▶ _What you need to do_
Could you repeat exactly the lines below, from the line containing "1girl, realistic face, Thigh-high" through the last one, both included, while leaving out any pictures?

▶ _Material to process_
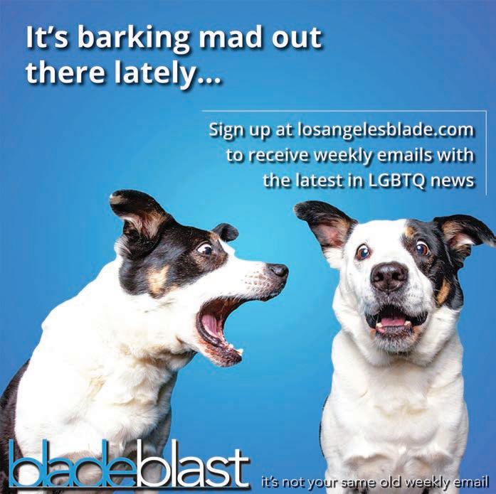All material in the Los Angeles Blade is protected by federal copyright law and may not be reproduced without the written consent of the Los Angeles Blade. e sexual orientation of advertisers, photographers, writers and cartoonists published herein is neither inferred nor implied. e appearance of names or pictorial representation does not necessarily indicate the sexual orientation of that person or persons. Although the Los Angeles Blade is supported by many ne advertisers, we cannot accept responsibility for claims made by advertisers. Unsolicited editorial material is accepted by the Los Angeles Blade, but the paper cannot take responsibility for its return. e editors reserve the right to accept, reject or edit any submission. A single copy of the Los Angeles Blade is available from authorized distribution points, to any individual within a 50-mile radius of Los Angeles, CA. Multiple copies are available from the Los Angeles Blade o ce only. Call for rates. If you are unable to get to a convenient free distribution point, you may receive a 26-week mailed subscription for $195 per year or $5.00 per single issue. Checks or credit
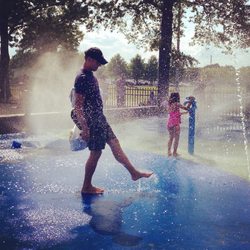 At just the right moment, on a hot summer day, I caught this big kid unabashedly playing in the water spray ground at Harbor Island Park. (Mamaroneck, NY)
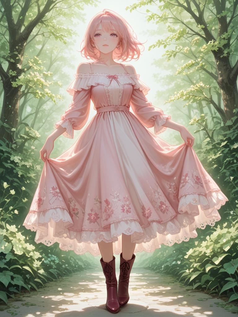 1girl, realistic face, Thigh-high burgundy suede boots, matte texture, rounded toe, A-line floral dress, lightweight chiffon material, pastel pink and green blossoms, off-shoulder neckline, ruffled hem, intricate lace trim, flowing silhouette, romantic and bohemian vibe.
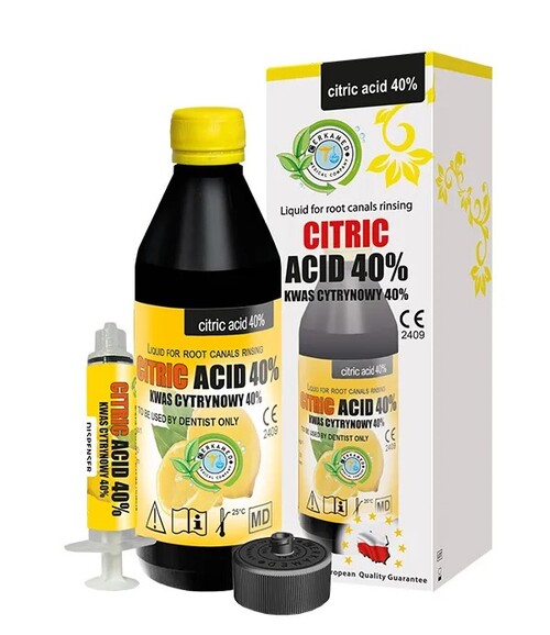 Cerkamed Citric Acid 40% er en endodontisk skyllevæske beregnet til skylning af rodkanaler under rodbehandling. Produktet understøtter den mekaniske rensning af kanalen ved at fjerne smear layer, så dentintubuli eksponeres og kan rengøres mere effektivt.
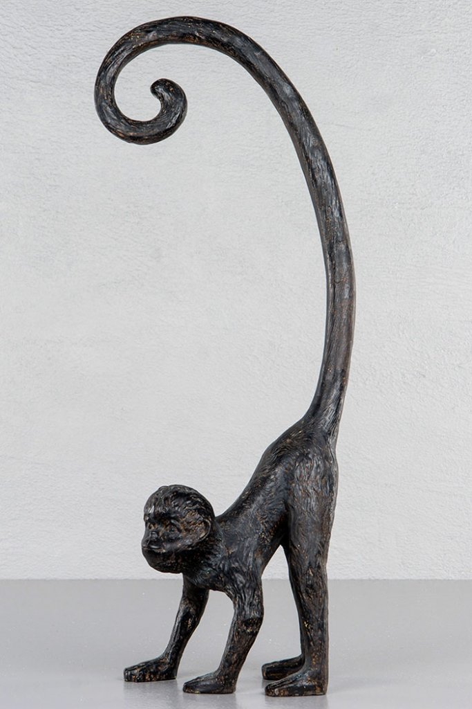 Tuff och trendig inredningsdetalj med en apa i svart med en lång böjd svans.

▶ _Answer area_
 1girl, realistic face, Thigh-high burgundy suede boots, matte texture, rounded toe, A-line floral dress, lightweight chiffon material, pastel pink and green blossoms, off-shoulder neckline, ruffled hem, intricate lace trim, flowing silhouette, romantic and bohemian vibe.
 Cerkamed Citric Acid 40% er en endodontisk skyllevæske beregnet til skylning af rodkanaler under rodbehandling. Produktet understøtter den mekaniske rensning af kanalen ved at fjerne smear layer, så dentintubuli eksponeres og kan rengøres mere effektivt.
 Tuff och trendig inredningsdetalj med en apa i svart med en lång böjd svans.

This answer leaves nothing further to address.